Le Metsoudate David explique qu’une frappe de Shimshone sur les positions philistines aurait entraîné des représailles sur les Bné-Israël. Il cherchait donc à les provoquer pour les frapper en raison d’un prétexte personnel qui n’impliquerait pas son peuple. C’est effectivement ce qu’il ne tarde pas à faire. Pendant les jours de festins suivant ses noces, il lance une devinette à ses hôtes philistins avec un enjeu financier à la clef. Lui-seul connaît la réponse et les autres le comprennent. Ils menacent sa nouvelle épouse de représailles si elle ne leur transmet pas la réponse. Cette dernière interroge donc Shimshone avec insistance. Finalement le secret est lâché et les hôtes répondent donc correctement à sa devinette. Il se met alors dans un semblant de colère et déclare : « Si vous n’aviez pas labouré ma génisse, vous n’auriez pas deviné mon énigme » (14, 18).  L’interprétation du Ralbag[5] semble la plus évidente : il accuse les hommes présents au festin, ou au moins l’un d’entre eux, d’avoir eu une relation sexuelle avec sa femme. Il profite donc de cette colère feinte pour massacrer trente philistins.

 

Après avoir quitté cette femme quelque-temps, il revient finalement vers la maison de son père, où il apprend qu’elle est désormais mariée à un autre homme.

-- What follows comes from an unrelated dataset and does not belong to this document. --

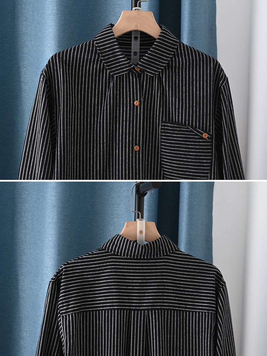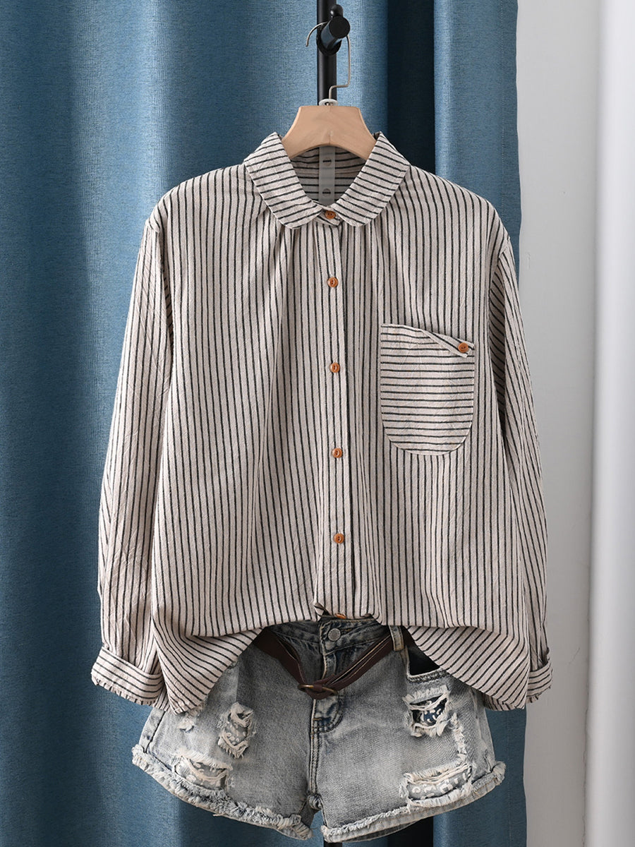 Women Spring Artsy Stripe Turn-down Collar 100%Cotton Shirt
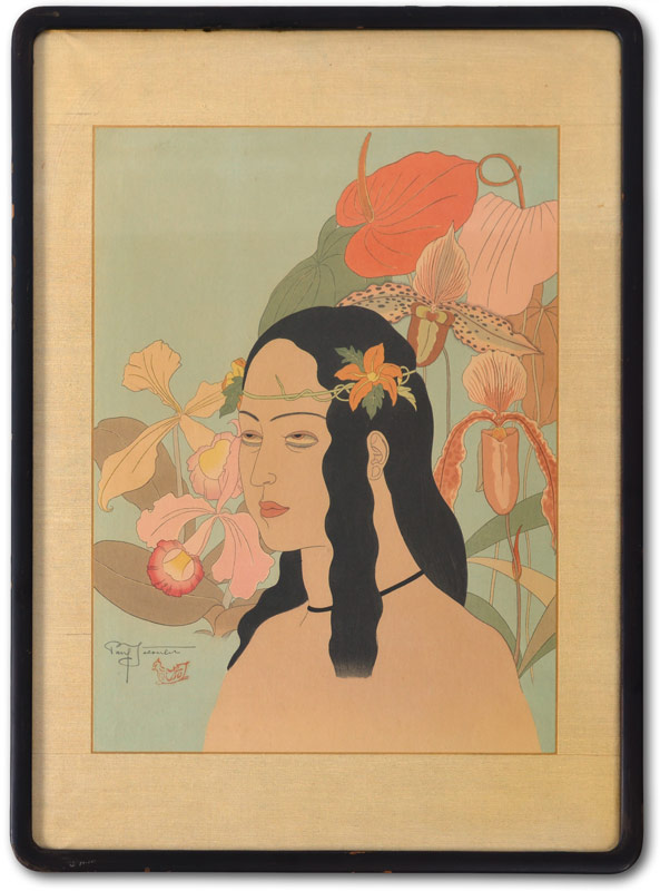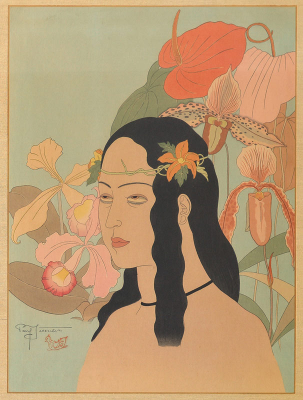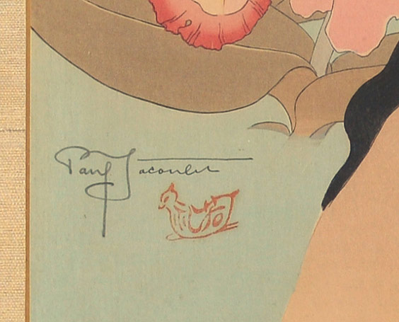 JACOULET, Paul, (French, 1896-1960): ''Un Belle de Palos'', Japanese Woodblock Print, 15 1/8'' x 11 1/2'', pencil signed lower left above mandarin duck seal, encased in custom lacquer frame with wear 21 1/8'' x 16''.

Criant à la trahison, il met le feu aux champs des Philistins. Lorsque ces derniers apprennent la raison de cette dernière attaque, ils s’en prennent à la femme et à son père qu’ils brûlèrent. Shimchone intervient après cela pour s’en prendre de nouveau à eux. Avant de procéder à un autre massacre contre les Philistins il se justifie : « Puisque vous agissez de la sorte, il faut que je me venge sur vous-mêmes, et alors je serai tranquille » (15, 7). Le Radak explique qu’il leur reprochait en réalité de ne pas s’être opposés à priori au remariage de celle qui était encore son épouse. Leur vengeance après coup n’était pas liée à son honneur, mais à la colère ressentie au sujet des dommages causés sur leurs champs.

 

L’histoire de Shimshone ne s’arrête pas là. Il nous semble toutefois que ce passage que nous venons de cerner constitue un tout dissociable du reste du récit et porteur de messages spécifiques.  Imaginons maintenant un instant, dans l’esprit du Midrash, qu’un tribunal ait été saisi après ces faits. Quelles auraient été les réactions des parties ?

 

Philistins : Shimshone a commis des massacres chez nous.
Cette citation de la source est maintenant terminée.